Here, we study different groups of social media users who engage in the discussions of elections, and compare the predictive power among these user groups. Specifically, we chose the 2012 U.S. Republican Presidential Primaries on Super Tuesday [1] among four candidates: Newt Gingrich, Ron Paul, Mitt Romney and Rick Santorum. We collected 6,008,062 tweets from 933,343 users talking about these four candidates in an eight week period before the elections. All the users are characterized across four dimensions: engagement degree, tweet mode, content type, and political preference. We first investigated the user categorization on each dimension, and then compared different groups of users with the task of predicting the results of Super Tuesday races in 10 states. Instead of using tweet volume or the overall sentiment of tweet corpus as the predictor, we estimated the "vote" of each user by analyzing his/her tweets, and predicted the results based on "vote-counting". The results were evaluated in two ways: (1) the accuracy of predicting winners, and (2) the error rate between the predicted votes and the actual votes for each candidate.

User Categorization

Using Twitter Streaming API, we collected tweets that contain the words "gingrich", "romney", "ron paul", or "santorum" from January 10th to March 5th (Super Tuesday was March 6th). Totally, the dataset comprises 6,008,062 tweets from 933,343 users. In this section, we discuss user categorization on four dimensions, and study the participation behaviors of different user groups.

Categorizing Users by Engagement Degree

We use the number of tweets posted by a user to measure his/her engagement degree. The less tweets a user posts, the more challenging the user's voting intent can be predicted. An extreme example is to predict the voting intent of a user who posted only one tweet. Thus, we want to examine the predictive power of different user groups with various engagement degrees. Specifically, we divided users into the following five groups: the users who post only one tweet (very low), 2-10 tweets (low), 11-50 tweets (medium), 51-300 tweets (high), and more than 300 tweets (very high). Table I shows the distribution of users and tweets over five engagement categories. We found that more than half of the users in the dataset belong to the very low group, which contributes only 8.71% of the tweet volume, while the very highly engaged group contributes 23.73% of the tweet volume with only 0.23% of all the users. It raises the question of whether the tweet volume is a proper predictor, given that a small group of users can produce a large amount of tweets.

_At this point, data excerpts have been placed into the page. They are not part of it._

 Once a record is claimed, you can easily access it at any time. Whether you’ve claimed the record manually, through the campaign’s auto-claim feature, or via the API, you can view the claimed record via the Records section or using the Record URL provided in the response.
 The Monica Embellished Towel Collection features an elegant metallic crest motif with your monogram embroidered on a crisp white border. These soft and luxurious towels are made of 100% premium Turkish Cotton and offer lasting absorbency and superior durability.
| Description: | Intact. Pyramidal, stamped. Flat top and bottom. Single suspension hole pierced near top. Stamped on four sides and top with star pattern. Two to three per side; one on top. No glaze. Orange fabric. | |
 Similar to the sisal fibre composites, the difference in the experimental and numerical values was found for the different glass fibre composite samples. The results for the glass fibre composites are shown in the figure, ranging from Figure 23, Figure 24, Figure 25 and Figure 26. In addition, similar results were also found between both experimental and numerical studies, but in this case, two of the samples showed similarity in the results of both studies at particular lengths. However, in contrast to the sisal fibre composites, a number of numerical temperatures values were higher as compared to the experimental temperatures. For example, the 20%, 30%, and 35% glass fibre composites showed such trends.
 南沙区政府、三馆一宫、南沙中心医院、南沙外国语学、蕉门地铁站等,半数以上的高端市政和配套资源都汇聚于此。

To further study the behaviors of the users on different engagement levels, we examined the usage of hashtags and URLs in different user groups (see Table II. We found that the users who are more engaged in the discussion use more hashtags and URLs in their tweets. Since hashtags and URLs are frequently used in Twitter as ways of promotion, e.g, hashtags can be used to create trending topics, the usage of hashtags and URLs reflects the users' intent to attract people's attention on the topic they discuss. The more engaged users show stronger such intent and are more involved in the election event. Specifically, only 22.95% of all tweets created by very lowly engaged users contain hashtags, this proportion increases to 39.4% in the very high engagement group. In addition, the average number of hashtags per tweet (among the tweets that contain hashtags) is 1.43 in the very low engagement group, and this number is 2.68 for the very highly engaged users. The users who are more engaged also use more URLs, and generate less tweets that are only text (not containing any hashtag or URL). We will see whether and how such differences among user engagement groups will lead to varied results in predicting the elections later.

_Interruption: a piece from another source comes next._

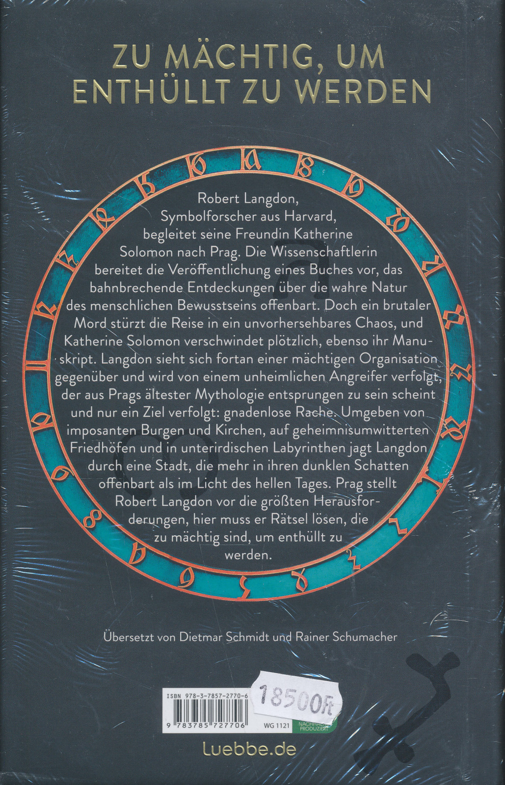 Robert Langdon, Symbolforscher aus Harvard, begleitet seine Freundin Katherine Solomon nach Prag. Katherine bereitet die Veröffentlichung eines Buches vor, das bahnbrechende Entdeckungen über die wahre Natur des menschlichen Bewusstseins offenbart. Dochein brutaler Mord stürzt die Reise in ein unvorhersehbares Chaos, und Katherine verschwindet plötzlich, ebenso ihr Manuskript. Langdon sieht sich fortan einer mächtigen Organisation gegenüber und wird von einem unheimlichen Angreifer verfolgt, der aus Prags ältester Mythologie entsprungen zu sein scheint und nur ein Ziel verfolgt: gnadenlose Rache.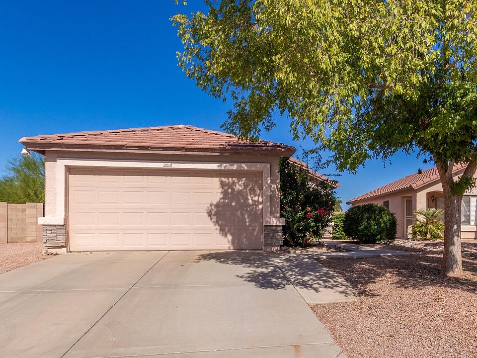 Great location within Ashton Ranch! This 2 bedroom, 2 bathroom home has been well-kept and is move in ready. Den area could easily be converted to a 3rd bedroom, if desired. Open concept with an updated kitchen. Tile and laminate floors, beautiful quartz countertops, and led light fixtures throughout. You will also love the large lot, with RV gate and a backyard waiting to become your oasis. Ashton Ranch is located within 1 mile of the City of Surprise Recreation Campus, tennis and pickle ball courts in close proximity, and 3 community pools within the community. This home is also close to spring training Major League Baseball fields, shopping and restaurants.

ElectionPrediction Table1&2.PNG

Categorizing Users by Tweet Mode

There are two main ways of producing a tweet, i.e., creating the tweet by the user himself/herself (original tweet) or forwarding another user's tweet (retweet). Original tweets are considered to reflect the users' attitude, however, the reason for retweeting can be varied, e.g., to inform or entertain the users' followers, to be friendly to the one who created the tweet, etc., thus retweets do not necessarily reflect the users' thoughts. It may lead to different prediction performance between the users who post more original tweets and the users who have more retweets, since the voting intent of the latter is more difficult to recognize.

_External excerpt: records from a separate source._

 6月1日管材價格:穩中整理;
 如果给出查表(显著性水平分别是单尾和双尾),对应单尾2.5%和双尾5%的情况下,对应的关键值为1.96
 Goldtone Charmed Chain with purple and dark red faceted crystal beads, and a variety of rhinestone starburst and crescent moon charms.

According to users' preference on generating their tweets, i.e., tweet mode, we classified the users as original tweet-dominant, original tweet-prone, balanced, retweet-prone and retweet-dominant. A user is classified as original tweet-dominant if less than 20% of all his/her tweets are retweets. Each user from retweet-dominant group has more than 80% of all his/her tweets that are retweets. In Table III, we illustrate the categorization, the user distribution over the five categories, and the tweet mode of users in different engagement groups. It is interesting to find that the original tweet-dominant group accounts for the biggest proportion of users in every user engagement group, and this proportion declines with the increasing degree of user engagement (e.g., 55.32% of very lowly engaged users are original tweet-dominant, while only 31.89% of very highly engaged users are original tweet-dominant). It is also worth noting that a significant number of users (34.71% of all the users) belong to the retweet-dominant group, whose voting intent might be difficult to detect.

ElectionPrediction Table3.PNG

Categorizing Users by Content Type

Based on content, tweets can be classified into two classes -- opinion and information (i.e., subjective and objective). Studying the difference between the users who post more information and the users who are keen to express their opinions could provide us with another perspective in understanding the effect of using these two types of content in electoral prediction.

We first identified whether a tweet represents positive or negative opinion about an election candidate using the method proposed in a recent study. <ref>Chen, L. and Wang, W. and Nagarajan, M. and Wang, S. and Sheth, A.P.: Extracting Diverse Sentiment Expressions with Target-dependent Polarity from Twitter. In: Proceedings of the 6th International AAAI Conference on Weblogs and Social Media. (2012)</ref> The tweets that are positive or negative about any candidate are considered opinion tweets, and the tweets that are neutral about all the candidates are considered information tweets. We also used a five-point scale to classify the users based on whether they post more opinion or information with their tweets: opinion-dominant, opinion-prone, balanced, information-prone and information-dominant. Table IV shows the user distribution among all the users, and the users in different engagement groups categorized by content type.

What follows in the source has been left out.